## [Problem]
Of all the entries below, retype only the lines from the one with "High Collar Chiffon" through the one with "God is My Fullback", exactly as they appear.

## [Input records]
.....
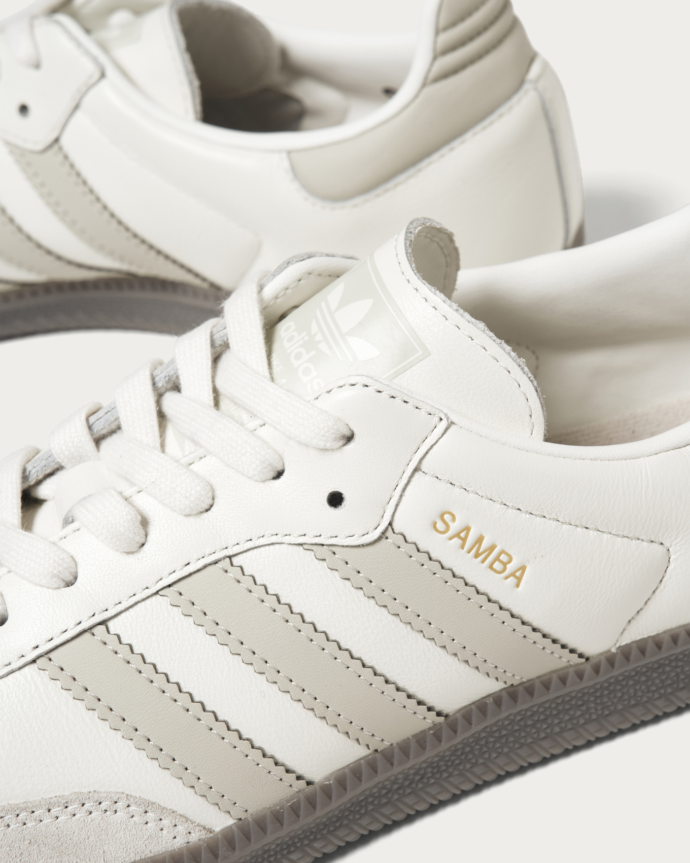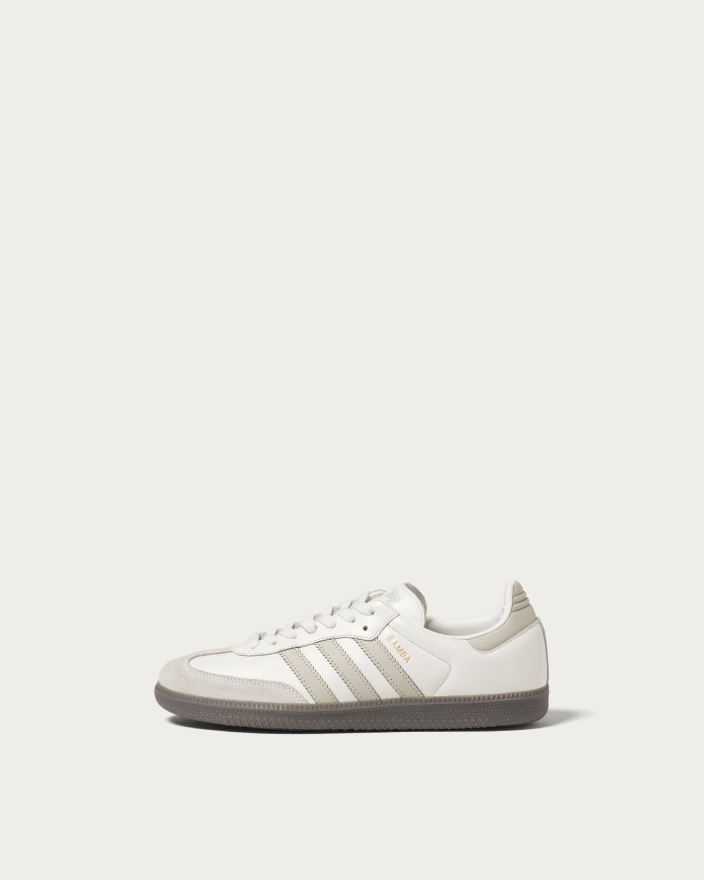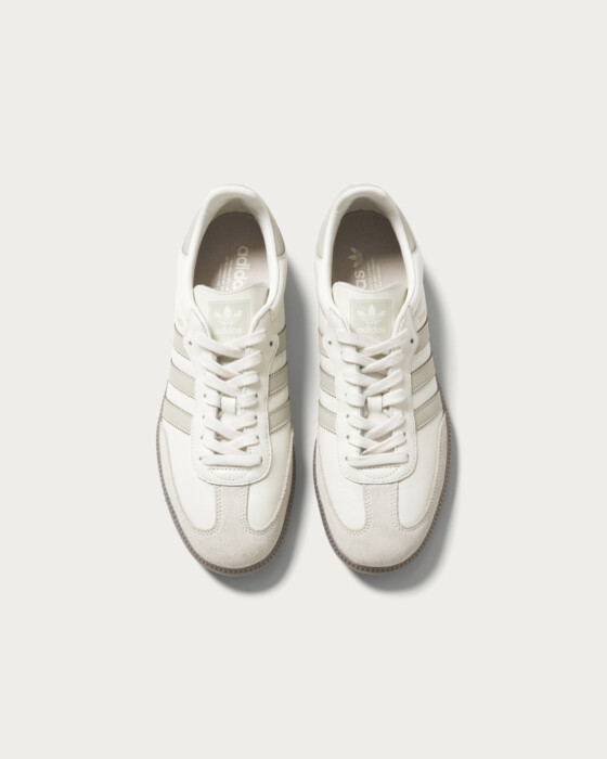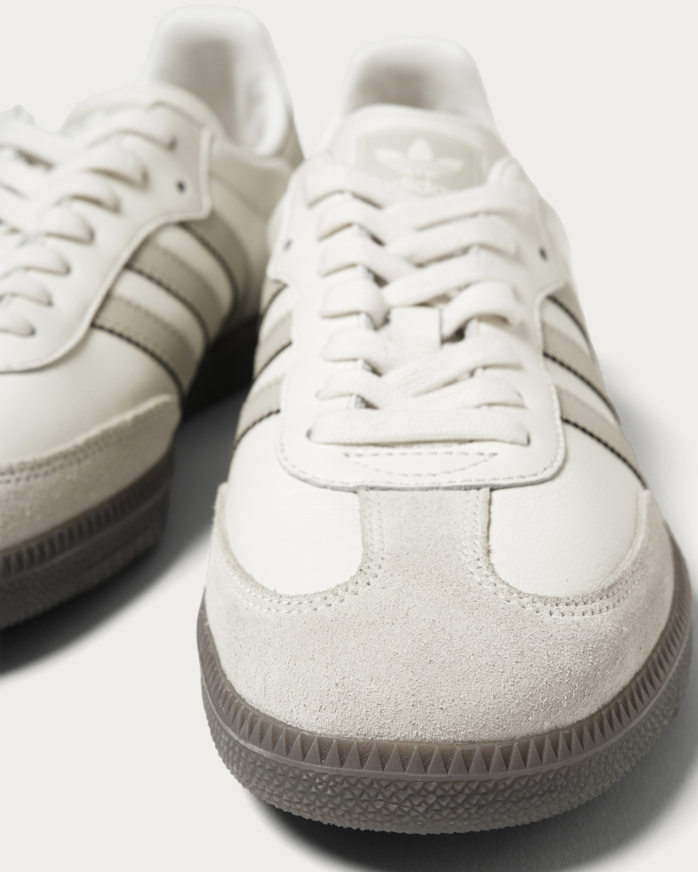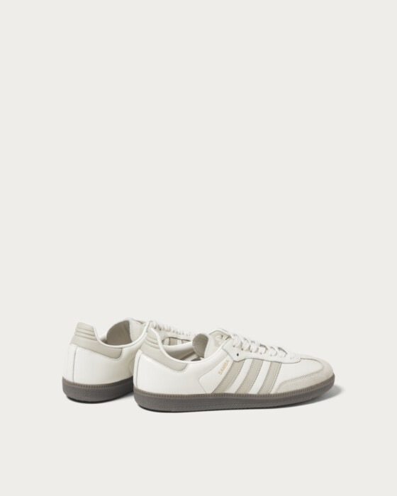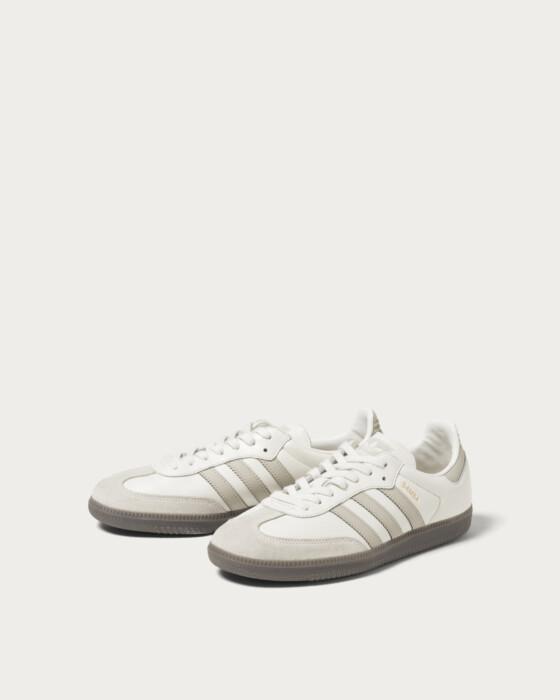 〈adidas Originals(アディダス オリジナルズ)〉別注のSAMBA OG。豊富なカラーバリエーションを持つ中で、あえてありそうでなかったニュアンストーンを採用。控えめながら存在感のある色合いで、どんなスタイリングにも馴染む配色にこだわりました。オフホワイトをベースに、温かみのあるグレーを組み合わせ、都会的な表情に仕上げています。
.....
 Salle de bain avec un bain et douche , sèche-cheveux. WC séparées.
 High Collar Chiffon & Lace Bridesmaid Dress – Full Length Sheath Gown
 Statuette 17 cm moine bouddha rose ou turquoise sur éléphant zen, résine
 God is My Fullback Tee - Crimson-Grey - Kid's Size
.....
## [Answer to this problem]
 High Collar Chiffon & Lace Bridesmaid Dress – Full Length Sheath Gown
 Statuette 17 cm moine bouddha rose ou turquoise sur éléphant zen, résine
 God is My Fullback Tee - Crimson-Grey - Kid's Size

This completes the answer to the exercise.